## Work required
Would you retype the entries from the first line to the line bearing "As a young woman, she", both included, leaving out every picture?
= Beginning of Section =
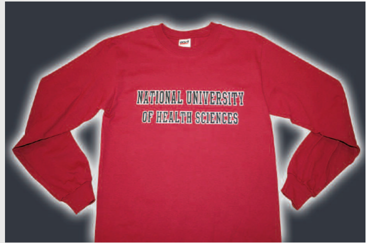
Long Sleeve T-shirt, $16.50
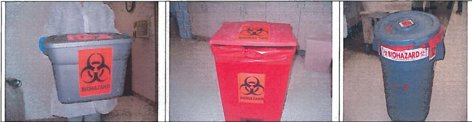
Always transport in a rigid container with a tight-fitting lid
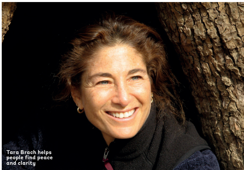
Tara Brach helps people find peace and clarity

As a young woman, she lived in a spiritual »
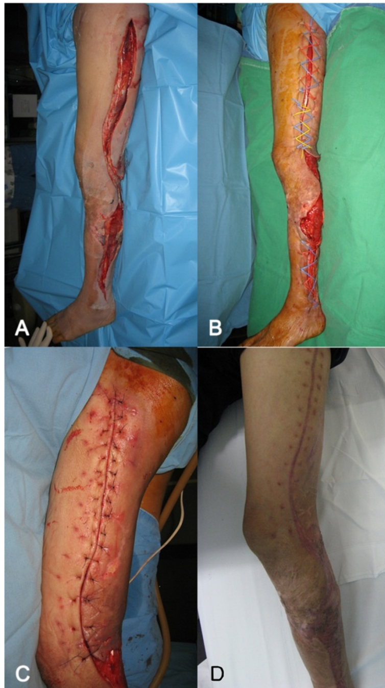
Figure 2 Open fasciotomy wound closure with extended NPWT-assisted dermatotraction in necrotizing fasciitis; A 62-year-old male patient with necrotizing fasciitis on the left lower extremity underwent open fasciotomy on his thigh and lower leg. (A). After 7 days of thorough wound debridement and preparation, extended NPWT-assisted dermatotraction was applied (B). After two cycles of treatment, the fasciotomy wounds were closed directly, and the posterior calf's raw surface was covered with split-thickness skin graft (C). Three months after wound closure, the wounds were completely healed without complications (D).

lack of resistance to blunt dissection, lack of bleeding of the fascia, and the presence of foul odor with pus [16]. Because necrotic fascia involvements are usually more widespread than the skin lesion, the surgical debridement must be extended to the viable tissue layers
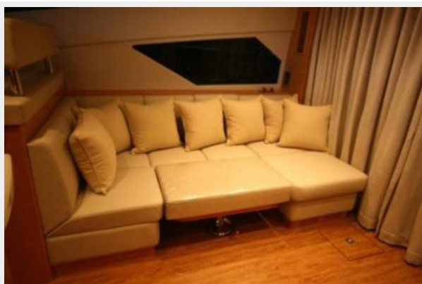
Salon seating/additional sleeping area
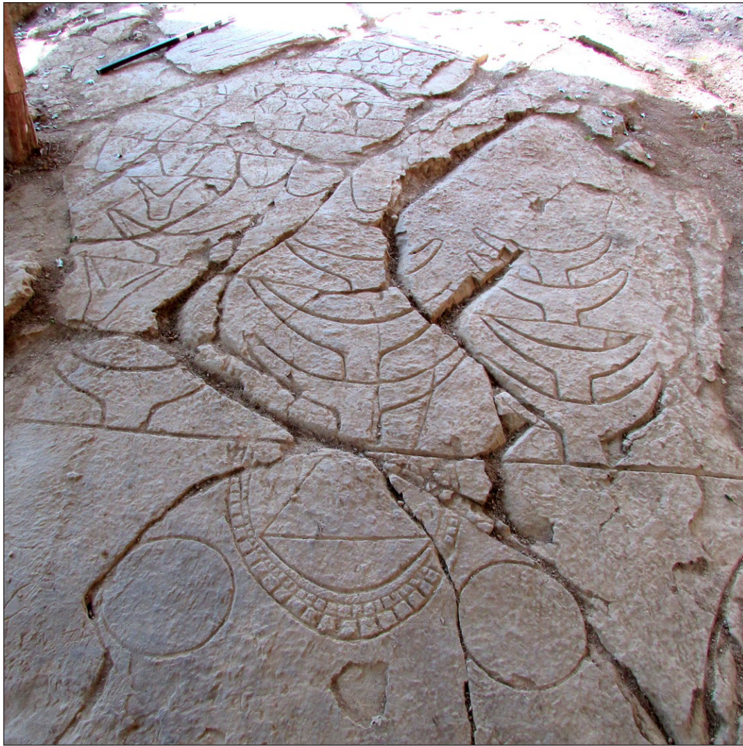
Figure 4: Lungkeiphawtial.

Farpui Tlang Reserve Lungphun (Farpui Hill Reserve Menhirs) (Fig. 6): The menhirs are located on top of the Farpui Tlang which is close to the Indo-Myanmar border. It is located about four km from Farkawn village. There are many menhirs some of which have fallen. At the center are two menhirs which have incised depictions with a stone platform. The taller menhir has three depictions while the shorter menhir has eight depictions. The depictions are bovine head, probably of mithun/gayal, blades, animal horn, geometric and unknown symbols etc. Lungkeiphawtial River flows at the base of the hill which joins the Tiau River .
= End of Section =
## Answer to this problem
Long Sleeve T-shirt, $16.50
Always transport in a rigid container with a tight-fitting lid
Tara Brach helps people find peace and clarity

As a young woman, she lived in a spiritual »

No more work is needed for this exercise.